Efficacy of Intra-Arterial Fibrinolysis for Acute Ischemic Stroke: Incongruent Recanalization and Good Outcome Rates
To the Editor:
Lee et al provided a useful meta-analysis of the efficacy of intra-arterial fibrinolysis as reported in randomized controlled trials.1 Several interesting observations were made regarding the effect of intra-arterial fibrinolysis on radiological and clinical end points. They show that despite a 46.8% partial or complete recanalization rate, the increase in the rate of good outcomes was only 14.8% and excellent outcomes only 13%. This was attributed to the fact that some end points cannot be measured on the 7-point modified Rankin Scale and/or the intervention was performed too late with no penumbral tissue remaining that reperfusion can salvage.
In the Diffusion and Perfusion Imaging Evaluation For Understanding Stroke Evolution (DEFUSE) study, recanalization of a large intracranial vessel after intravenous thrombolytic therapy in the absence of potentially viable tissue, as revealed by the absence of perfusion-diffusion MRI lesion size mismatch, was shown to result in a marked increase of mortality and poor outcomes because of the development of reperfusion hemorrhage.2 Similar conclusions were reached by other authors who indicated that lack of a good outcome after revascularization in acute stroke may be related to hemorrhagic reperfusion injury after arterial recanalization.3 In reflecting on the conclusions drawn by the authors, we offer that there may be a third possibility to explain the discord seen between recanalization rates and good/excellent outcomes.
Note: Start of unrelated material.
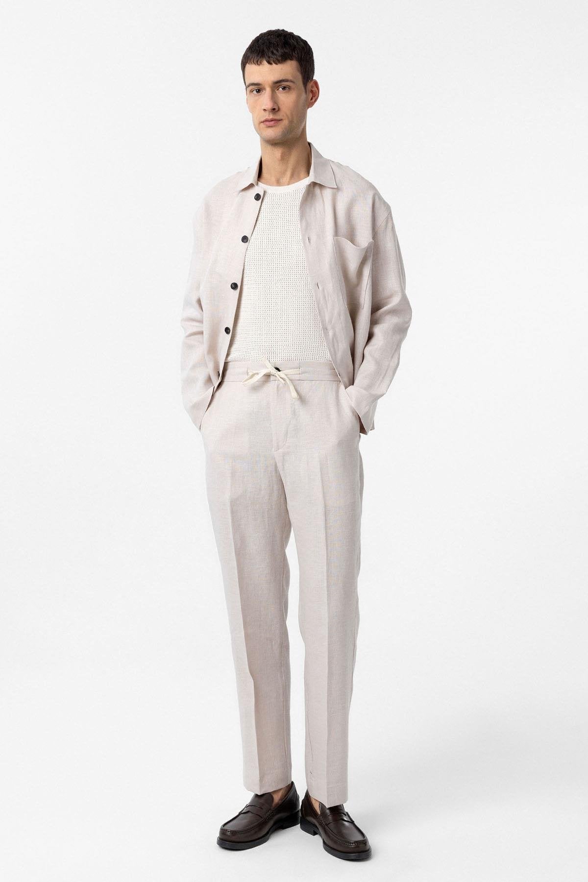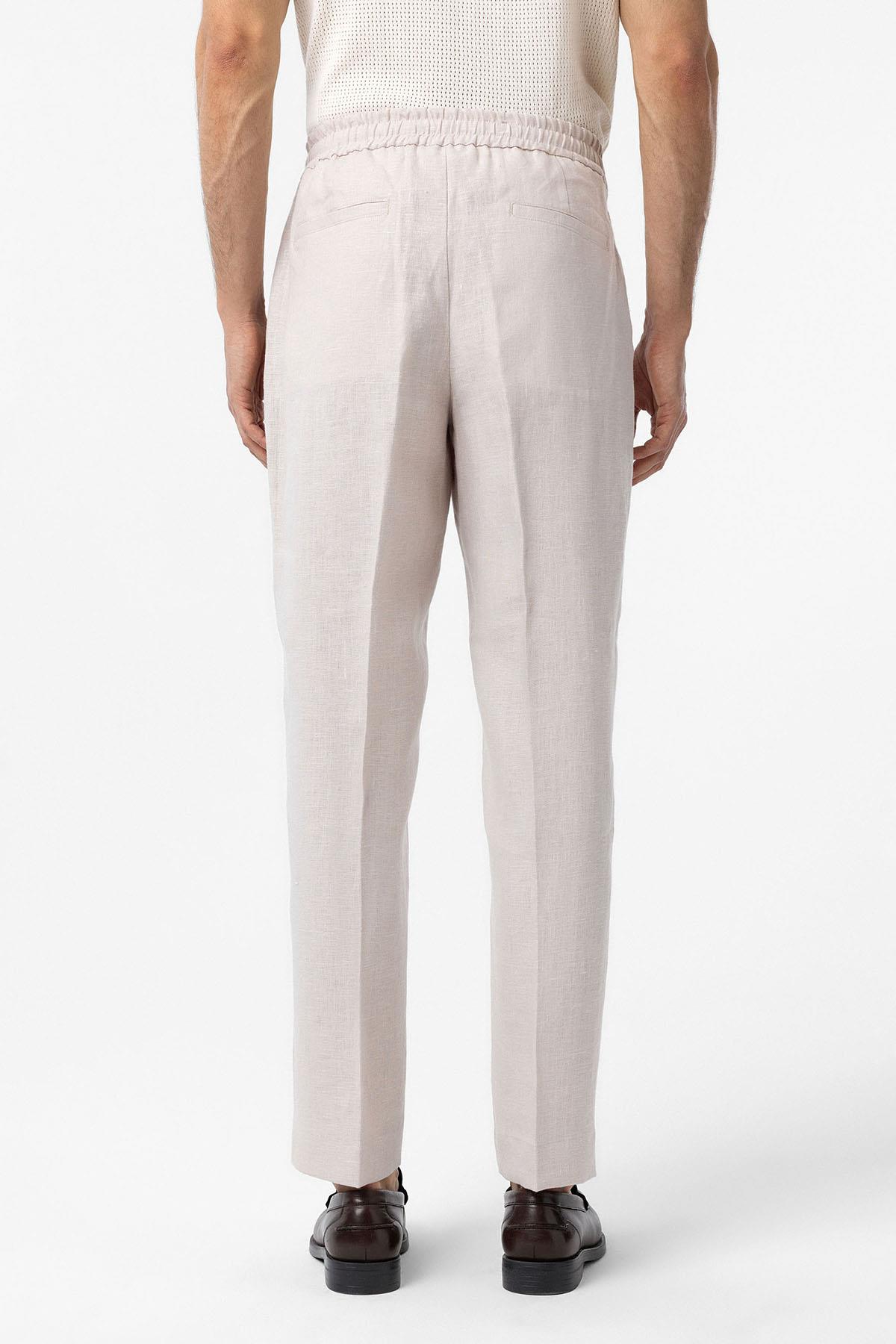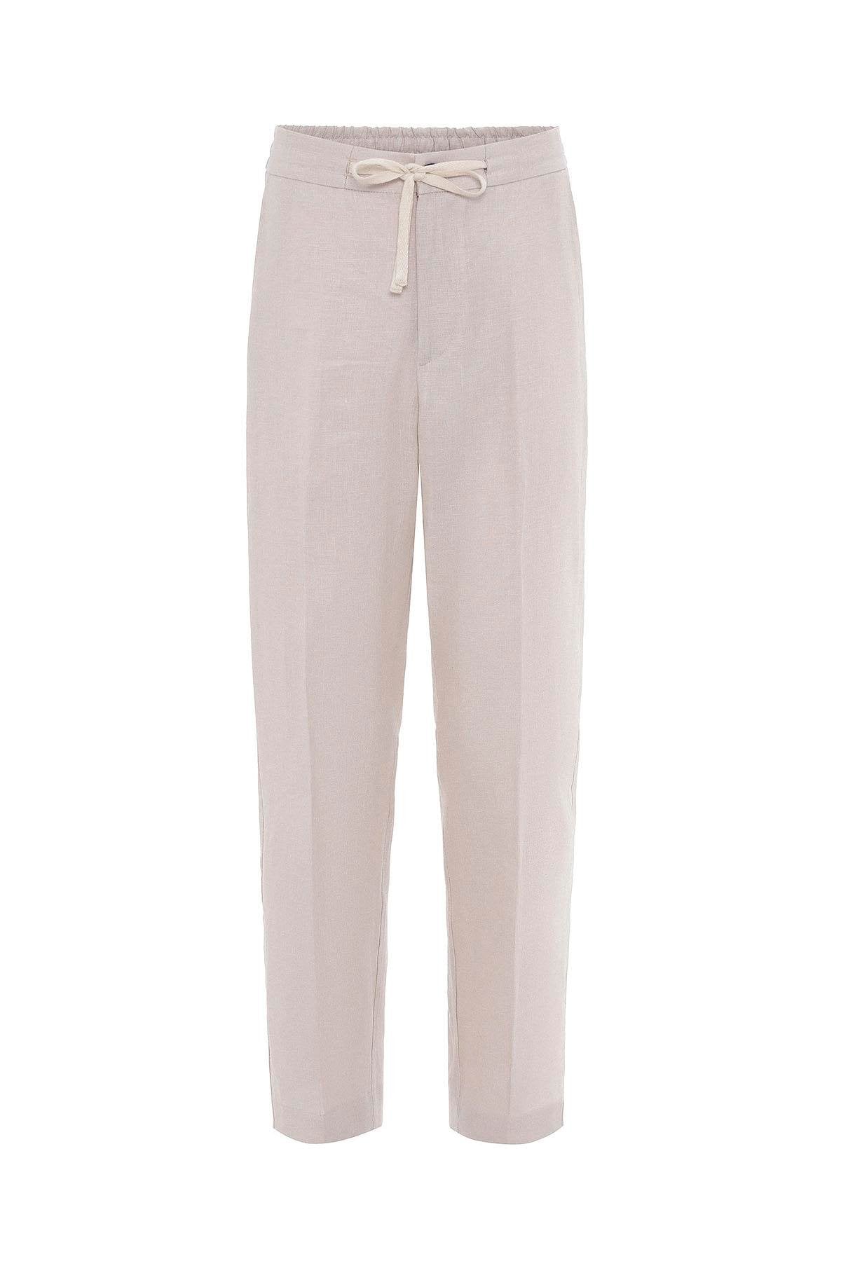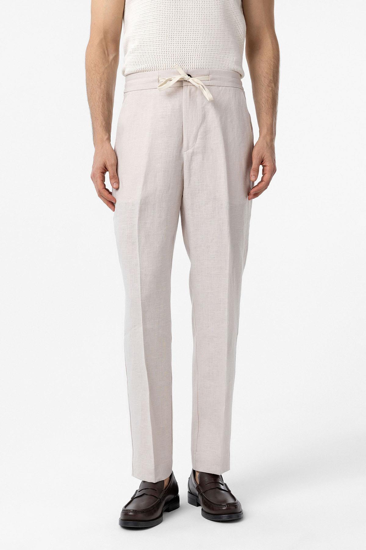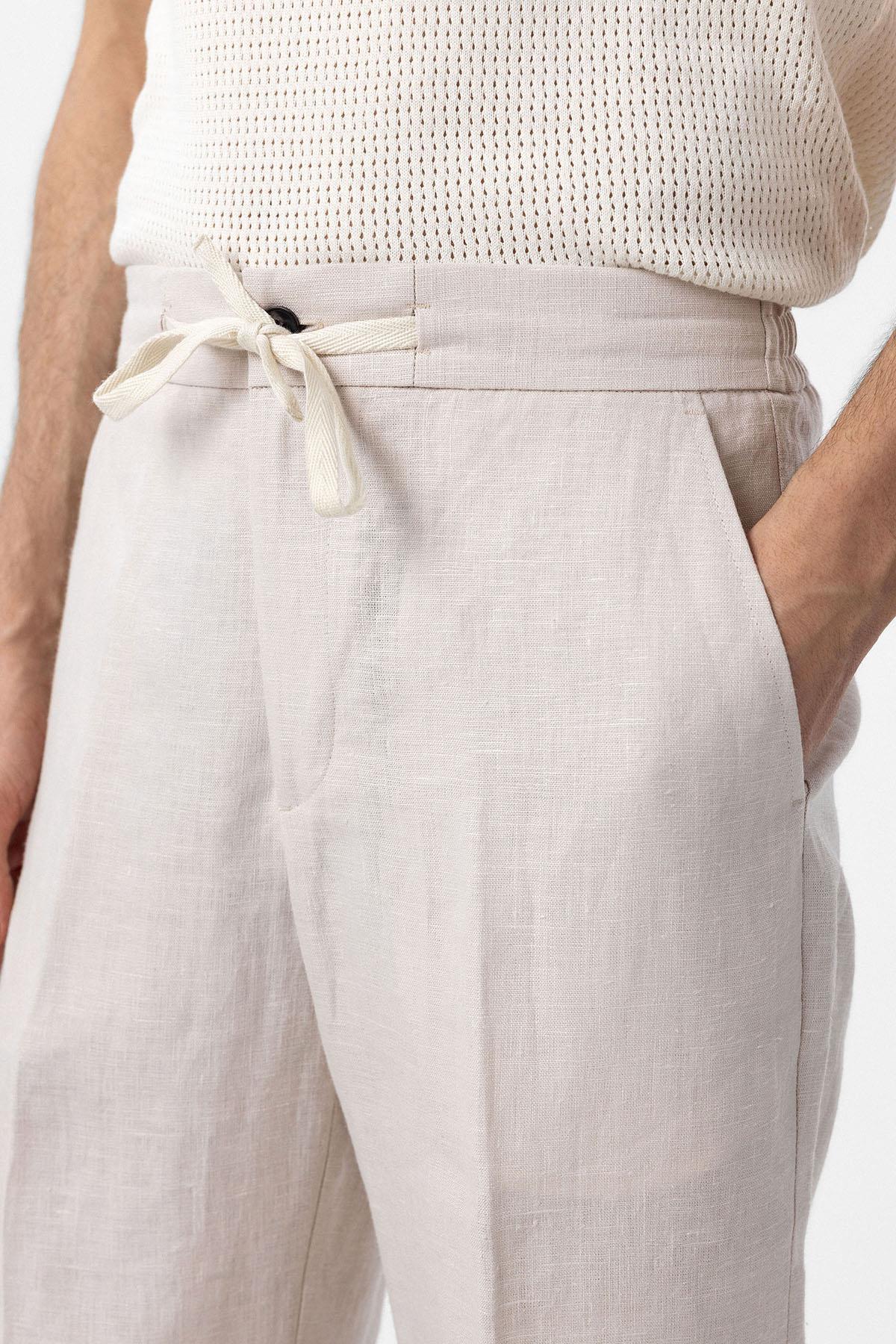 Ekru 100% Keten Yüksek Bel Erkek Pantolon

There was a significant difference noted in the rates of radiological and symptomatic intracranial hemorrhage between patients treated with IA fibrinolysis and control subjects. We postulate that the patients who experienced higher recanalization rates may have also experienced higher rates of intracranial hemorrhage or death because of reperfusion into tissue that is on its way to necrosis and thus not had the expected good/excellent outcomes. The authors mention that despite the significant differences in the rates of intracranial hemorrhage between the groups, this did not affect overall mortality. There may, however, be a negative effect of intracranial hemorrhage on good/excellent clinical outcomes. We would be interested to know whether additional analysis could be done to clarify if there was any observed relationship between recanalization rates and rates of intracranial hemorrhage in this meta-analysis.
Lee M, Hong KS, Saver JL. Efficacy of intra-arterial fibrinolysis for acute ischemic stroke: meta-analysis of randomized controlled trials. Stroke. 2010; 41: 932–937.
Albers GW, Thijs VN, Wechsler L, Kemp S, Schlaug G, Skalabrin E, Bammer R, Kakuda W, Lansberg MG, Shuaib A, Coplin W, Hamilton S, Moseley M, Marks MP, Investigators D, Albers GW, Thijs VN, Wechsler L, Kemp S, Schlaug G, Skalabrin E, Bammer R, Kakuda W, Lansberg MG, Shuaib A, Coplin W, Hamilton S, Moseley M, Marks MP. Magnetic resonance imaging profiles predict clinical response to early reperfusion: the Diffusion and Perfusion Imaging Evaluation for Understanding Stroke Evolution (DEFUSE) study. Ann Neurol. 2006; 60: 508–517.
Khatri P, Wechsler LR, Broderick JP, Khatri P, Wechsler LR, Broderick JP. Intracranial hemorrhage associated with revascularization therapies. Stroke. 2007; 38: 431–440.